The injected ADSVCs in this study might release growth factors, thus promoting vascularization, encouraging new capillaries to form, increasing the production of hair, and improving the supply of blood to the scalp. This provides an ideal environment for the hair follicles to grow new, denser, and healthy hair. This research is the beginning of many series of studies that will be conducted in the future to improve the results and decrease the cost of the procedure to make it more efficient and affordable to patients. It is important to note that most cases of alopecia areata (approximately 80%) resolve spontaneously especially first cases of alopecia areata. It will be interesting to study the efficacy of ADSVCs transplantation for grade III and advanced cases of alopecia areata.

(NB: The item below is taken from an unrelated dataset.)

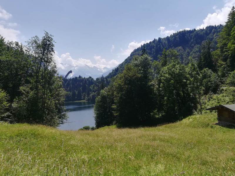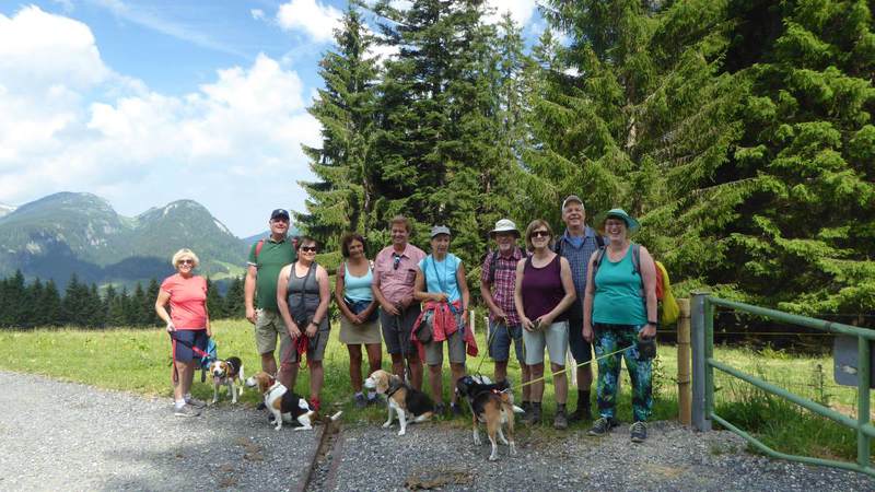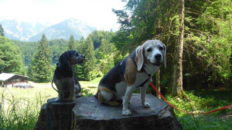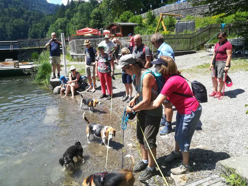 Fast pünktlich trafen wir uns am Donnerstag, 4. Juli 2019, auf dem Parkplatz Höllwieslift in Oberstdorf. Mit dabei waren 10 Personen mit ihren 6 Hunden. Bei sonnigen 28 Grad wanderten wir die Stillach entlang. Nun folgte der sportliche Teil unserer Wanderung. Auf einem Kiesweg ging es relativ steil bergauf und erreichten über den Dr.-Reh-Weg die Heini-Klopfer-Skiflugschanze. Ein Eis am Stiel motivierte uns weiterzugehen. Unsere Hunde kühlten sich im Freibergsee ab, allen voran Benny und Lotte. Auch nagte langsam der Hunger bei den Zweibeinern. Der Kiosk am See lud zur Rast ein. Ein steiler Weg abwärts führte uns wieder zum Parkplatz. Nun steuerten wir unser Hotel in der Spielmannsau an. Wir wurden herzlich von Frau Schraudolf empfangen. Ein Mittagsschläfchen machte uns für den Abend wieder fit. Unser Abendessen nahmen wir auf Terrasse ein, doch mussten wir uns warm anziehen. Frisch gestärkt brachen wir zum Abendspaziergang auf. Ein kleiner zutraulicher Hase war ein mutiges Tier, die Beagle fürchteten sich vor ihm. Bei einem Glas Rotwein ging der Abend zu Ende.

In conclusion, treatment using ADSVCs appears highly effective for alopecia areata and may represent a new avenue of therapy for hair regeneration. ADSVC injection promotes good stability of the hair by increasing the hair density, the hair diameter, and decreasing the pull test to almost zero. Furthermore, patients must be very well selected depending on their lifestyle, the cause of hair fall and baldness grade to obtain a good result with this procedure.